Flexible sigmoidoscopy has several advantages over whole colon examinations. In particular, people do not need to complete a full bowel preparation before the procedure. Bowel preparation involves temporary dietary restrictions and taking laxatives to clear the bowel – some people find this difficult or inconvenient and it is also not suitable for everyone. People also do not need to be sedated for flexible sigmoidoscopy, which is generally required for colonoscopy. Some people find sedation an inconvenience because they are unable to return to work immediately, and it is also linked to a higher risk of complications.

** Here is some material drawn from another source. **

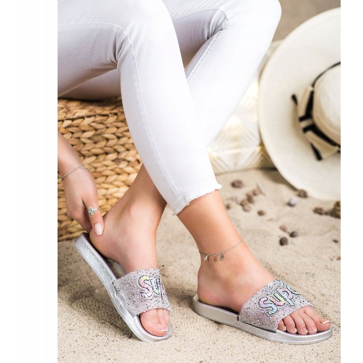 Fedezze fel a SHELOVET flip-flop legújabb modelljét, amely tökéletesen illeszkedik a tavaszi-nyári trendekhez! Az ezüst flitteres flip-flop tökéletes választás azoknak a nőknek, akik a kényelmet a divatos megjelenéssel szeretnék ötvözni. A felcsúsztatható kialakításnak és a nyitott saroknak köszönhetően ezek a papucsok könnyű felhelyezést és tökéletes illeszkedést biztosítanak a lábfejhez.

When and where did the study take place?
Information for the SOCCER study has been collected from people who were registered as being potentially eligible for the SIGGAR study. People were recruited to the SIGGAR study from 21 NHS hospitals across England between March 2004 and December 2007 as shown below.
Who is included in the study?
Information for the SOCCER study has been collected from approximately 7,472 men and women who:
- were aged 55 years or over between March 2004 and December 2007 and
- were referred to one of the 21 participating NHS hospitals with bowel cancer symptoms at the time of the SIGGAR randomised-controlled trials and
- were registered as potentially eligible for the SIGGAR randomised-controlled trials.
The study group includes:
- 5,384 people who were randomised and consented during SIGGAR study (including consent for future research) and
- 2,088 people who had symptoms suggestive of bowel cancer but were not randomised to the study as a result of clinician preference. These patients were never approached about the SIGGAR study.
What type of information does the CSPRG hold for the purposes of the SOCCER study?
The CSPRG only holds personal information (such as name, full date of birth, NHS number) for the SOCCER patients if they were randomised on the SIGGAR study and the patient did not subsequently withdraw their consent. We do not hold any identifiable data for the remaining patients in the SOCCER cohort.
Additionally, all the data held on the SOCCER database is de-identified and we hold:
- clinical data including data on bowel symptoms, examinations;
- cancer and mortality data from NHS Digital
We completed data collection in November 2015. The patient data page provides further details on what information we hold for the purposes of our research, and how we use and protect this information.
What approvals has this study received?
This study was reviewed and approved by an independent ethics committee and other organisations with responsibilities for NHS patients and research in the NHS as follows:
- Northern and Yorkshire Multicentre Research Ethics Committee.
- Section 251 approval from Patient Information Advisory Group (PIAG), the National Information Governance Board (NIGB), predecessors of the Confidentiality Advisory Group (CAG) and CAG itself.
- Research and Development approval from the NHS Trusts managing all hospitals involved in the study.
How long will we retain the data?
Data collection for this study ended in November 2015. It is a requirement of Imperial College London, the organisation responsible for this study, that we hold data from all clinical trials for 10 years after the study end date. We therefore plan to hold the data for this study until November 2025.
What are the results of the study and what impact have they had?
The SOCCER study has been completed and we are in the process of publishing our results.
Our findings will be used to inform the guidelines – both in the UK and internationally – that advise doctors on the best test(s) for their patients. We hope that our findings will help ensure that patients receive the test(s) that most benefits them, and also generate efficiency savings for health services.